Jadwal penyaluran PIP Agustus 2026
PIP tahun 2026 disalurkan dalam dua termin, yaitu:
- Termin I: Januari-Juli 2026
- Termin II: Agustus-Desember 2026
Dengan demikian, peserta didik yang belum menerima bantuan pada termin pertama masih berpeluang mendapatkan dana PIP pada periode kedua, termasuk penyaluran mulai Agustus 2026. Namun, pencairan tetap bergantung pada status penerima yang telah ditetapkan serta proses penyaluran dana sesuai ketentuan yang berlaku.
Besaran Bantuan PIP
Besaran dana PIP yang diterima peserta didik berbeda-beda, tergantung pada jenjang pendidikan. Berikut rincian nominal bantuan PIP:
SD/SDLB/Paket A
- Rp450.000 per tahun
- Rp225.000 (Khusus siswa baru dan kelas akhir)
SMP/SMPLB/Paket B
- Rp750.000 per tahun
- Rp375.000 (Khusus siswa baru dan kelas akhir)
SMA/SMK/SMALB/Paket C
- Rp1.000.000 per tahun
- Rp500.000 (Khusus siswa baru dan kelas akhir)
Cara Menjadi Penerima PIP 2026
Bagi siswa yang membutuhkan bantuan PIP tetapi belum terdaftar sebagai penerima, terdapat dua jalur utama yang dapat ditempuh untuk diusulkan sebagai penerima bantuan, yaitu melalui DTKS dan usulan dari sekolah.
1. Terdaftar dalam DTKS
Peserta didik yang terdaftar dalam Data Terpadu Kesejahteraan Sosial (DTKS) dan ditandai sebagai Layak PIP dalam Data Pokok Pendidikan (Dapodik) berpeluang ditetapkan sebagai penerima PIP.

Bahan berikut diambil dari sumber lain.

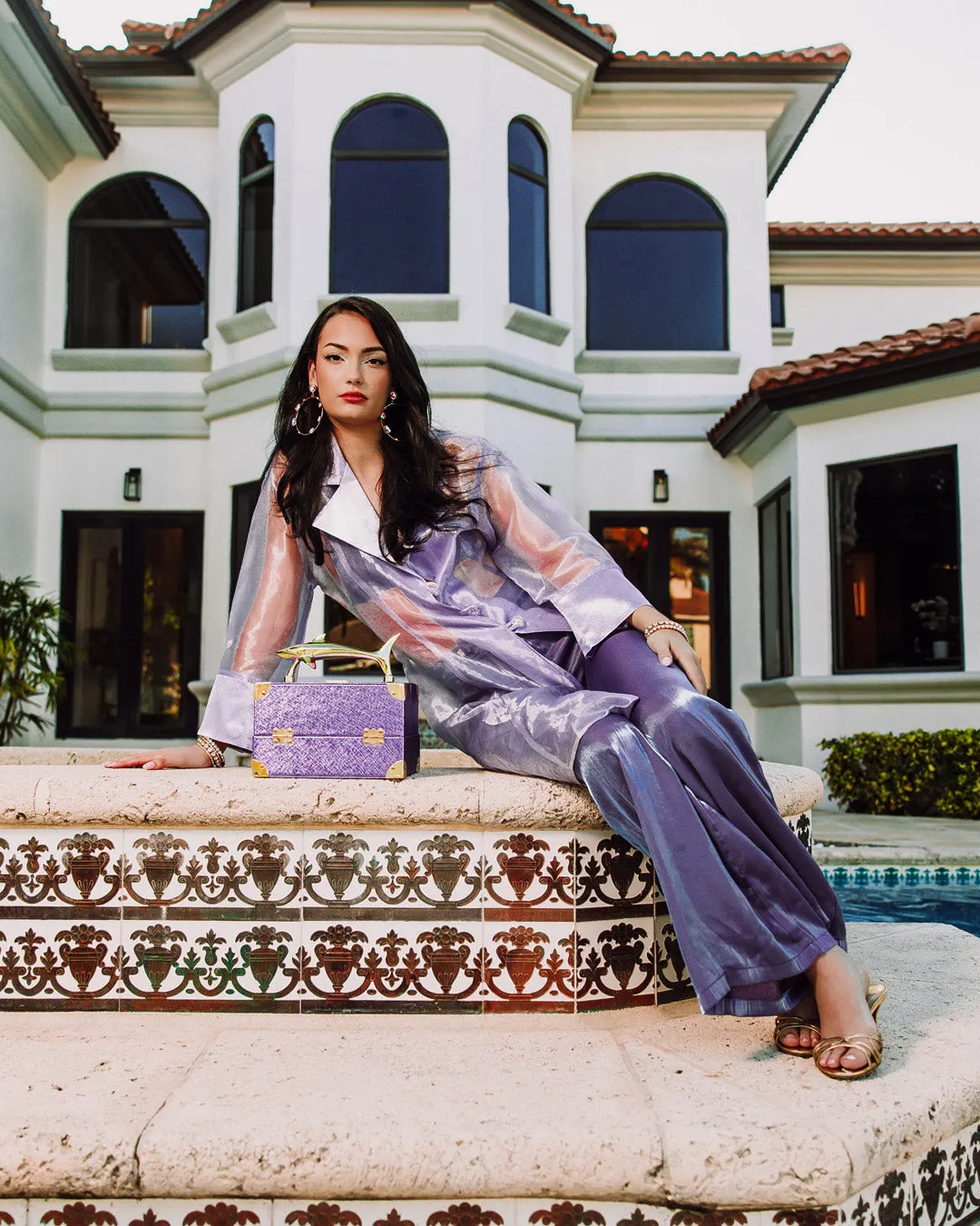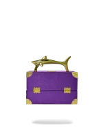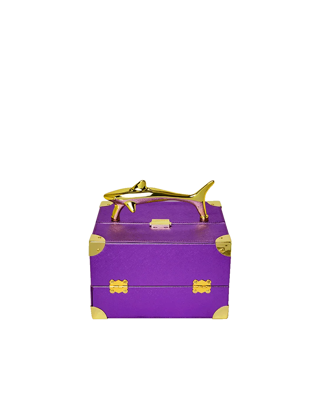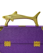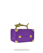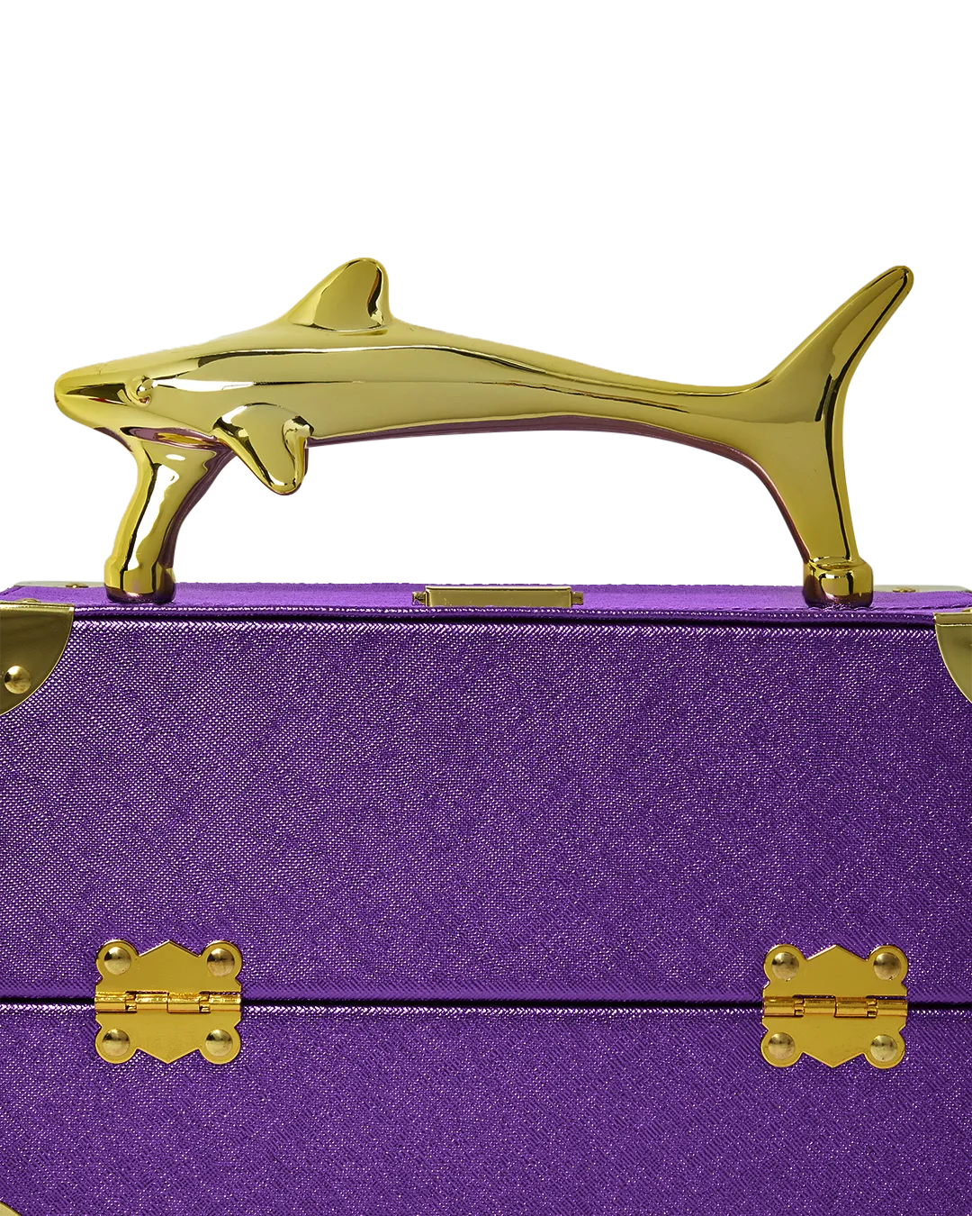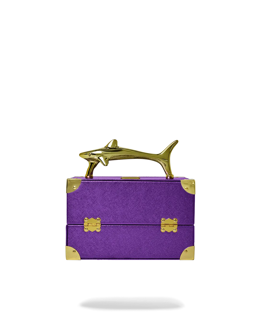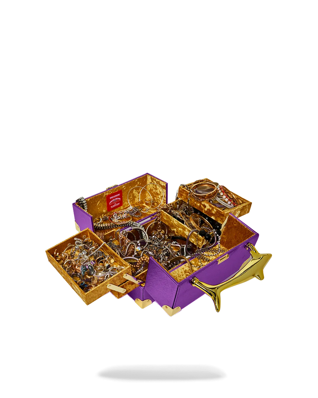 Shimmer and shine! Custom shark molded handle jewelry case with metallic purple fabric and crushed gold velour interior lining

Bagi siswa yang belum terdaftar dalam DTKS, pengajuan dapat dilakukan melalui musyawarah desa/kelurahan atau dengan menghubungi Dinas Sosial setempat sesuai mekanisme yang berlaku.
2. Usulan dari Sekolah
Sekolah dapat mengusulkan peserta didik sebagai calon penerima PIP melalui Dapodik dengan memberikan tanda Layak PIP. Data tersebut selanjutnya diproses melalui verifikasi dan validasi oleh pihak terkait sebelum diteruskan kepada Pusat Layanan Pembiayaan Pendidikan (Puslapdik) untuk proses penetapan penerima.
Sebagai informasi, pengusulan dan penetapan penerima PIP dilakukan secara berkala sesuai periode yang telah ditentukan. Karena itu, siswa yang pernah menerima PIP pada tahun sebelumnya tidak otomatis kembali mendapatkan bantuan pada tahun berikutnya. Penetapan penerima tetap mengacu pada hasil verifikasi dan validasi data terbaru serta ketentuan yang berlaku.
Itulah informasi mengenai cara cek status penerima PIP Kemendikdasmen pada Agustus 2026, cara mencairkan hingga cara daftarnya. Semoga bermanfaat ya, detikers!